Our flat was located in Malasaña, an area of Madrid that I had fallen in love with when I first visited the city three years ago. Malasaña is a crazy and young place, with loads of restaurants, bars and vintage stores. The best thing about this part of town? The people! I received my first love poem by a charming homeless man, who then went on to recite his work of art to us in complete perfection.
El mercado de San Antón
Visit this market hall to get a completely sensual experience of Spanish food and produce. It's a bit touristy, a bit overpriced, but, the roof top bar makes it worth a visit!
When Dover Street Market suddenly seems like French Connection
I don't mean to be rude, but, fashion peeps in Britain can seriously learn from Spanish interior design and visual merchandising! We were completely blown away by the wealth of new, innovative concept stores and boutiques in Madrid like Amen in Malasaña - the best thing about them? You can tell that the Spanish haven't lost their enthusiasm, fun and vibrancy when it comes to fashion, something that I feel is disappearing in a sea of minimalist, wannabe Scandinavian London retail concepts.
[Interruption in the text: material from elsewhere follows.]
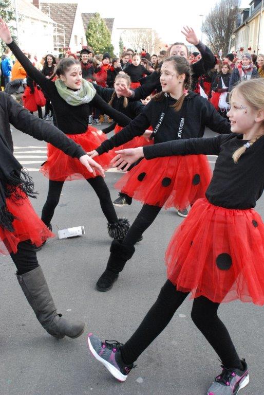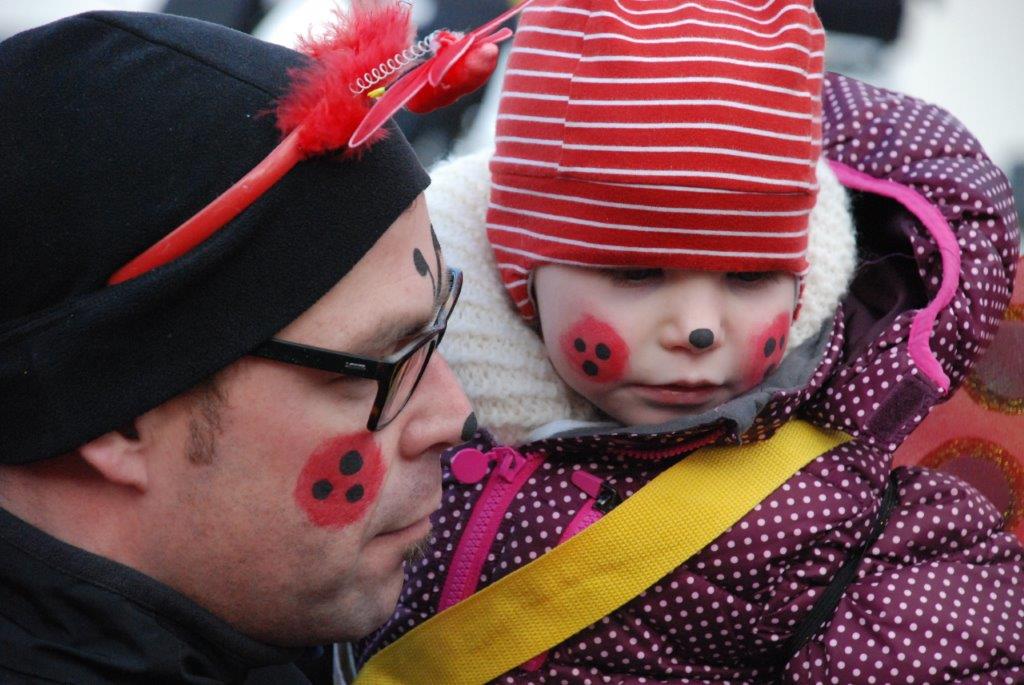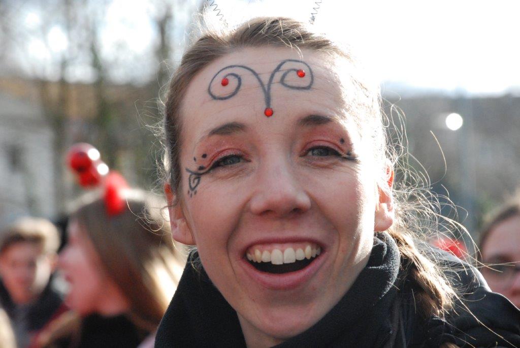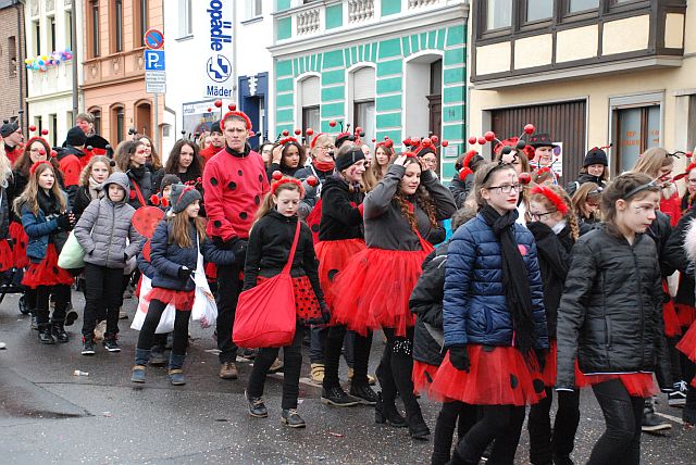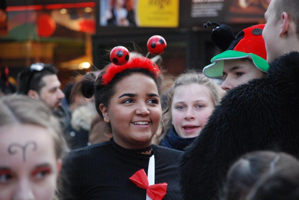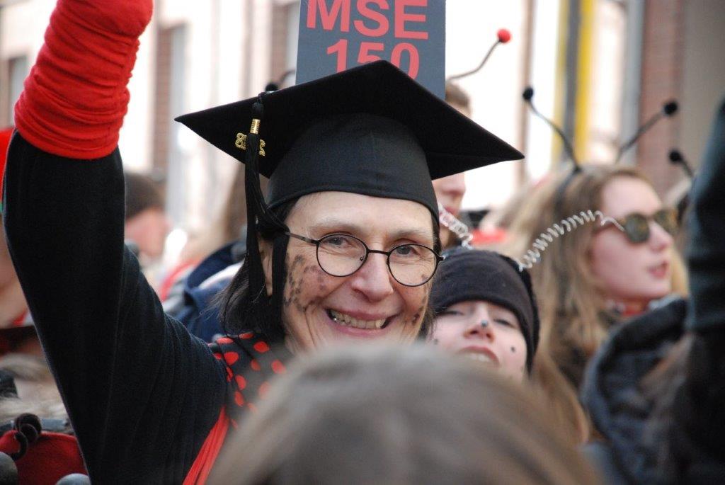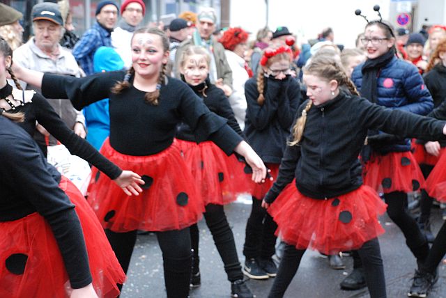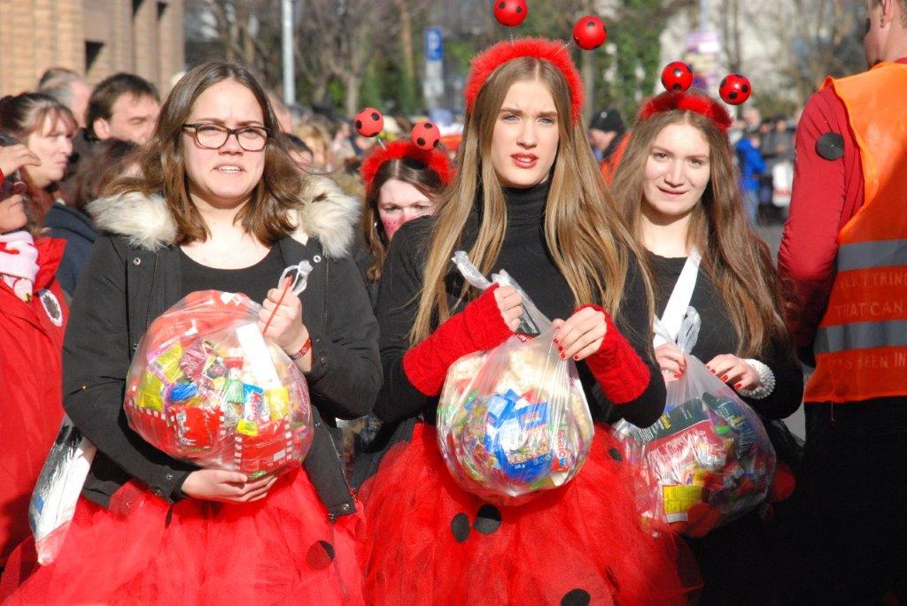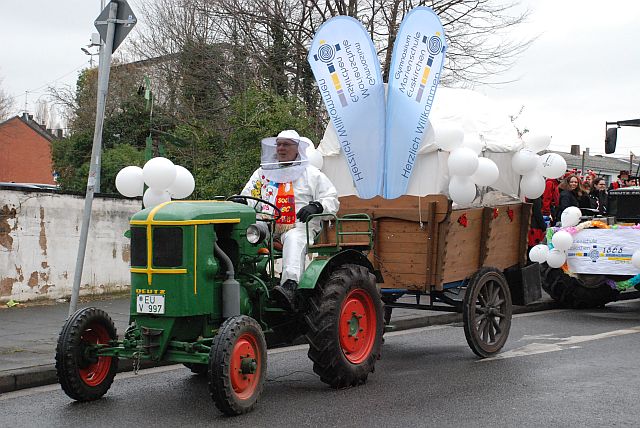 Ein Imker, der seine Bienen im Griff hat, ist keine Seltenheit. Jürgen Antwerpen, der Schulleiter der Marienschule Euskirchen, bewies am Montag jedoch, dass ein Bienenzüchter auch durchaus Talent im Umgang mit Marienkäfern haben kann. Mit Netzhut und Schutzanzug ausgestattet führte er den närrischen Tross auf seinem Oldtimer-Traktor an. Gefolgt von rund 200 Schülerinnen und Schülern in Käferkostümen begleitete er den Rosenmontagszug durch die Euskirchener Innenstadt. Doch nicht nur mit den großen Mengen Kamelle, die die Marienschüler unter den zu tausenden am Straßenrand wartenden Zuschauern verteilten, sorgten sie für Feierstimmung. Musiklehrer Jan Philipp Röser hatte zudem einige Mitglieder der Schulbigbands um sich versammelt und heizte den Euskirchener Jecken mit Live-Musik ein. „Bei einem Karnevalsumzug kommt die Musik oft vom Band“, schilderte Pressesprecher Otmar Dreifke seine Eindrücke. „Inmitten von all diesem närrischen Treiben die Bigband spielen zu hören war wirklich ein einmaliges Erlebnis.“ Ausgelassen zogen die schwarzgepunkteten Marienkäfer durch die Straßen und stimmten lautstark in die Liedvorträge der Bigband ein. „Alle waren von dem Geschehen begeistert“, so Dreifke. „Ich bin sicher, unsere Schüler werden ab sofort regelmäßig an den Euskirchener Karnevalszügen teilnehmen.“

Triángulo del Arte de Madrid
Upon the Prado and the Thyssen-Bornemisza, the Reina Sofía museum is one of my favourites as it shows a wealth of surrealist artists' works, as well as Pablo Picasso's celebrated Guernica painting and my personal favourite, Dalí's 'figura en una finestra' oil painting of his sister Anna Maria looking out of the window. The courtyard at the center of the museum is absolutely beautiful and the perfect place to take a break from the heat and buzz of the city.
...And then there's street art
The whole city is covered in a mixture of graffiti and street art which forms a brilliant contrast to its clean and immaculate art museums. My favourite type of art? One that's not actually meant to be art in the first place! It reveals the different layers, old and new, that create a one of a kind image of the city and make you fantasise about its history and future.
Caixa Forum is an art museum meets cultural center meets conference venue in the heart of the city. We were mesmerised by the architecture of the building which was built from the remains of an old power station and created by Swiss architects Herzog & de Meuron (who also designed the new Tate Modern museum!). The vertical forest plant wall forms the perfect contrast to the industrial feel of the main building, a reference to the botanic garden which is just around the corner.
Malasaña nights and dinner at la Pescadería
We returned to our beloved Malasaña yet again for drinks and seafood at la Pescadería. We ordered their pan fried chipriones (baby squid) and sea bream ceviche, which were absolutely delicious!
Have you fallen in love with Madrid yet? I have, completely, utterly, head over heels! The city offers everything you could wish for for a city trip, great food, amazing art and fashion, friendly people and an atmosphere that makes you love and appreciate living... in the moment!